BY ALEXANDER MELEAGROU-HITCHENS
The recent emergence of the English Defence League (EDL) is the inevitable outcome of the failure of a government to properly address Islamic extremism topped off with good old fashioned British hooliganism and bigotry. The involvement of groups like the EDL in working against Islamic extremism serves to give ammunition to those who already claim that all anti-Islamists are racists at heart.
My co-blogger, Michael Burleigh, claimed yesterday that the English Defence League had no demonstrable connections with the British National Party. I would have to disagree with this, as I am aware of at least two. Firstly, as revealed by the Times, the EDL’s web designer is none other than Chris Renton, who also acts as the BNP’s ‘web guy’. The indispensable Searchlight Magazine have also identified another BNP member at the heart of EDL operations, Davy Cooling, who they claim is an activist for the EDL’s Luton wing. Despite this, the EDL insist they do not support the BNP and are not a racist organisation. It is also important to consider at this point that two of the country’s nastiest racist groups were present at the EDL demonstrations in Luton. According to the Blood and Honour (a UK neo-Nazi group formed in the 1980s) online forum, a number of its members attended the EDL’s Luton protests (screen shots of this closed forum are in my possession) and Searchlight make the claim that a member of the National Front had also attended.

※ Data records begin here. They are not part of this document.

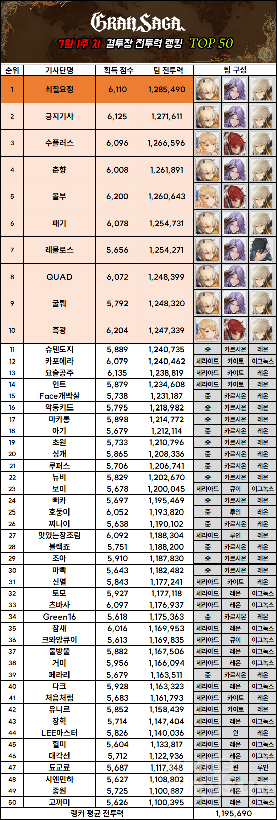 결투장 전투력 랭킹 1위를 이어가는 '쇠질요정'이 파티를 다시 '레온, 카르시온, 준'으로 변경했다. 전투력은 45,541 상승한 1,285,490이며, 2위 '긍지기사'와 차이는 13,879다. 평균 전투력은 31,795 상승한 1,195,690으로 상위권 랭커들이 이그녹스를 채용하면서 하락했던 평균 전투력을 한 주만에 완벽히 회복했다.
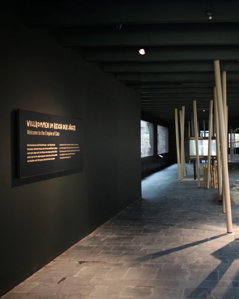 Ein noch wichtigerer Aspekt war, die Gegebenheiten der Architektur aufzunehmen. In dem schmalen, umlaufenden Gang des ringförmigen Gebäudes erzeugen dunkle Farben eine gedämpfte Lichtstimmung. Um Spiegelungen zu minimieren, befindet sich an den Stellen, wo große Fenster Einblicke in die Gehege bieten, auf der gegenüberliegenden Seite eine geschlossene Wand. Die dadurch entstehenden langen, dunklen Wandflächen galt es, zu bespielen, denn in den Gang gestellte Exponate hätten die durch die gebogenen Wände erzeugte Dynamik gestört.
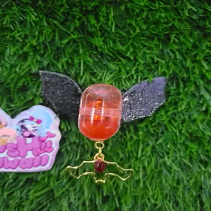 This darling and dark hair clip captures the allure of what hides in the dark. A liquid filled capsule wears a pair of glittery black bat wings, while a single red drop and golden bat dangle from the bottom.
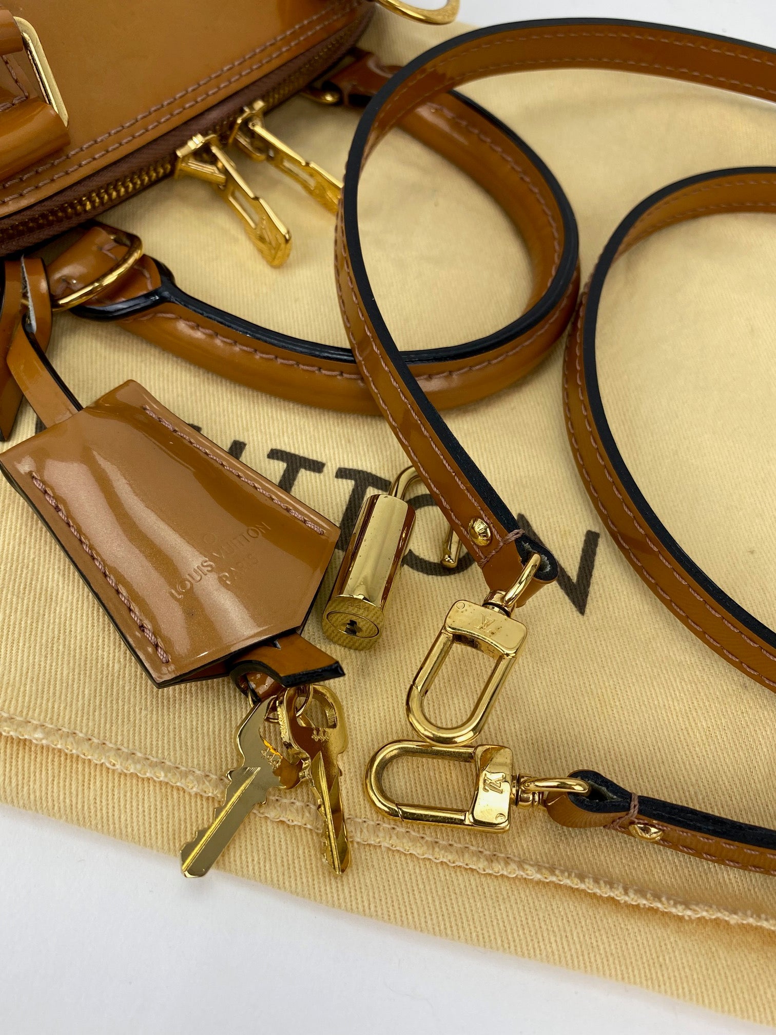 Fall in love with this Louis Vuitton Alma BB in stunning Rose Velours vernis leather—a compact powerhouse that's pure luxury! This B-rated beauty is well-maintained with only minor wear except for some black marks on the back that add authentic character. The gorgeous rose velours hue (with orangish-tan undertones) gleams in monogram vernis leather, while sturdy double vernis leather handles (4" drop) keep everything secure. The pristine mint interior measures a perfectly portable 7" x 9.5" x 4.5". Golden hardware shines throughout. You're getting the full VIP treatment: LV dust bag, 44" vernis leather strap for crossbody styling, lock with two keys, removable bell-shaped key holder, and booklet. This timeless piece ships same day or next via USPS or FedEx. Pure elegance!
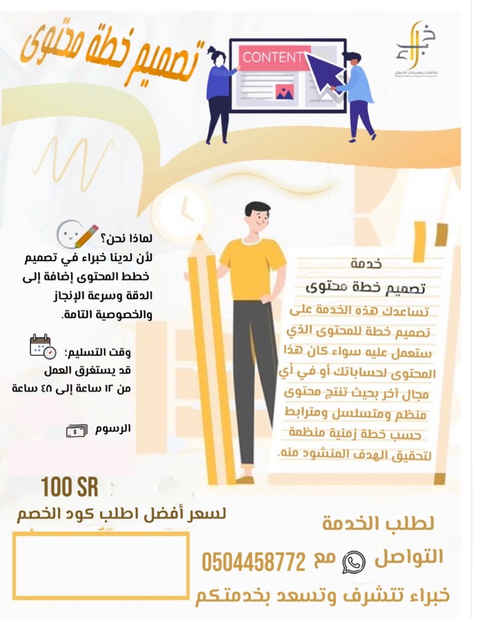 رسوم تصميم خطة محتوى 100 ريال
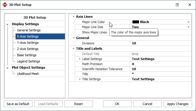 To save your changes and use them as the default setting for all new 3D plots, click the Save as Default button. This will overwrite the previous default settings.
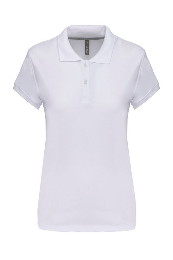 Polo femme col en bord-côte, patte de boutonnage 3 boutons. Bande de propreté contrastée à l’encolure. Fentes latérales. Manches courtes, bas de manche finition en bord-côte. Finition double aiguille bas de vêtement. | Maille piquée.
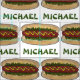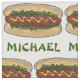 Fabric features an original marker illustration of a hot dog with mustard and relish on a bun. Simply personalise with your name!

Although unlikely, the EDL’s rejection of accusations of racism and BNP support may be genuine (it is difficult to prove this beyond any doubt), but charges levelled at them as being anti-Muslim bigots will be far more difficult to swat away. In a recent interview (45 seconds into the below video – try your best to ignore terror apologist Salma Yaqoob) with talkSport radio, EDL spokesman Paul Ray admitted that they are not only protesting against Islamic extremists, but in fact the EDL’s beef is with ‘all devout Muslims’. Similarly the BNP’s Nick Griffin has also made accusations that all Muslims who devoutly follow their religion are by definition a threat to this country and Europe.

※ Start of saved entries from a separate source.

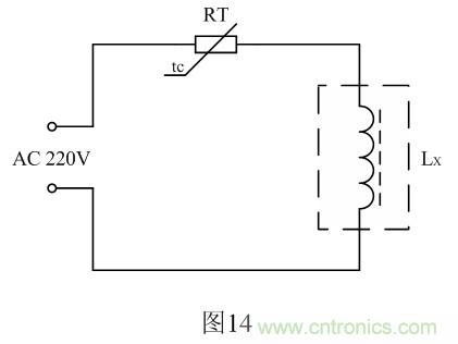開關(guān)變壓器退磁的最好的方法是讓開關(guān)變壓器初級線圈在非常短的時間內(nèi)通過一個幅度為3~5倍Imax(極限電流)的阻尼振蕩電流。因此,可用一個20~40歐姆的消磁熱敏電阻(可用兩個消磁熱敏電阻串聯(lián))與開關(guān)變壓器的初級線圈串聯(lián),然后接到110~220V/50Hz交流電源上,大約只需要20多秒鐘,待消磁熱敏電阻完全加熱后,即可達到退磁的目的,如圖14所示。在圖14中,RT為熱敏電阻,Lx為開關(guān)變壓器的初級線圈。
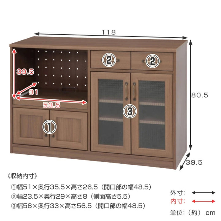 | サイズ | 約 幅118×奥行39.5×高さ82(cm) ※奥行は取っ手含まず |
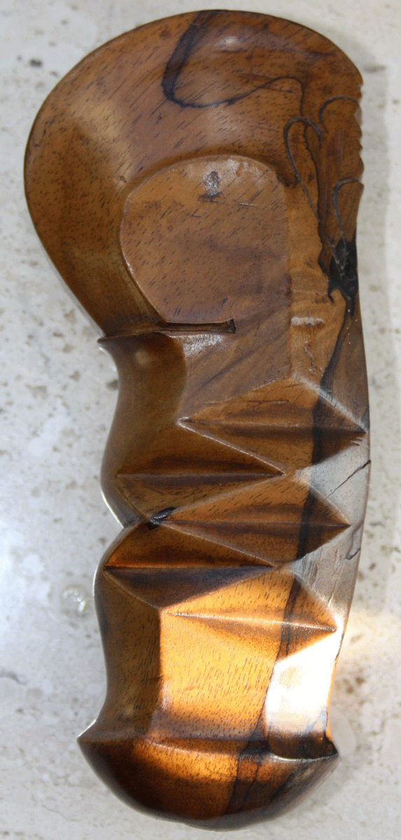 These carvings on one side (five (?) lines). I have seen them only on cecekahan, never bondolan. May be, it is a symbol, bound to a certain group of people, the selected warriors with "Pemating"?
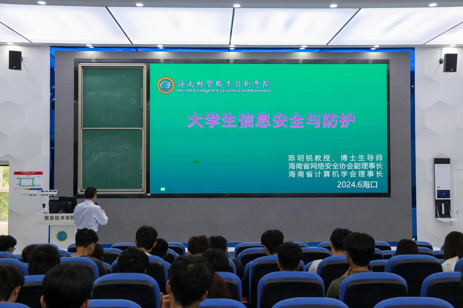 为增强老员工网络安全意识,提高信息安全防护能力,sunbet于6月13日下午在4-215教室成功举办了“老员工信息安全与防护”专题讲座。本次讲座有幸邀请到海南省网络安全协会理事长、海南省计算机学会副理事长、博士生导师陈明锐教授作为主讲嘉宾,公司23人工智能1、23软件2、23数媒1、23网络1员工参加。

Incidentally, EDL spokesman Paul Ray is also the pro BNP blogger known as Lionheart.
This is no way to approach a very serious issue, and in fact makes the job of liberals who do recognise the problem many times harder. As it stands, and with only a handful of notable exceptions, the subject of Islamic extremism is only being properly dealt with by people and organisations considered to be ‘right wing’. It therefore becomes all too easy for those who (somehow unashamedly) call themselves part of the left and have allied with Islamists, to accuse people of being far right racists if they dare to identify Islamism as a problematic ideology (at a recent Stop the War Coalition event Lindsey German made this very accusation). The recent adoption of the cause against Islamic extremism by the far right simply feeds into already established perceptions of anti-Islamists that exist among Islamists and their apologists, and allows their scurrilous accusations to be taken mildly seriously.
Whereas progressives are able to make the distinction between a devout Muslim and an extremist or an Islamist, the BNP and EDL insist on the rather patronising assumption that whether a practicing Muslim likes it or not, they are an extremist. This is based on a very simplistic understanding of the core texts of Islam which discounts 1400 years of interpretation and scholarship and ignores the possibility that, rather than forever seeking to convert or kill all of us, the vast majority of Muslims follow their faith in a private and personal manner.
Within the world of anti-jihadism, there is a clear divide between those who consider all Muslims to be a threat and those who understand that the problem lies within a small but very influential section of the Islamic world. Siding with the former should not be an option as it requires a total disavowal and abandonment of liberal and pluralist values based solely on the basis of a mutual foe.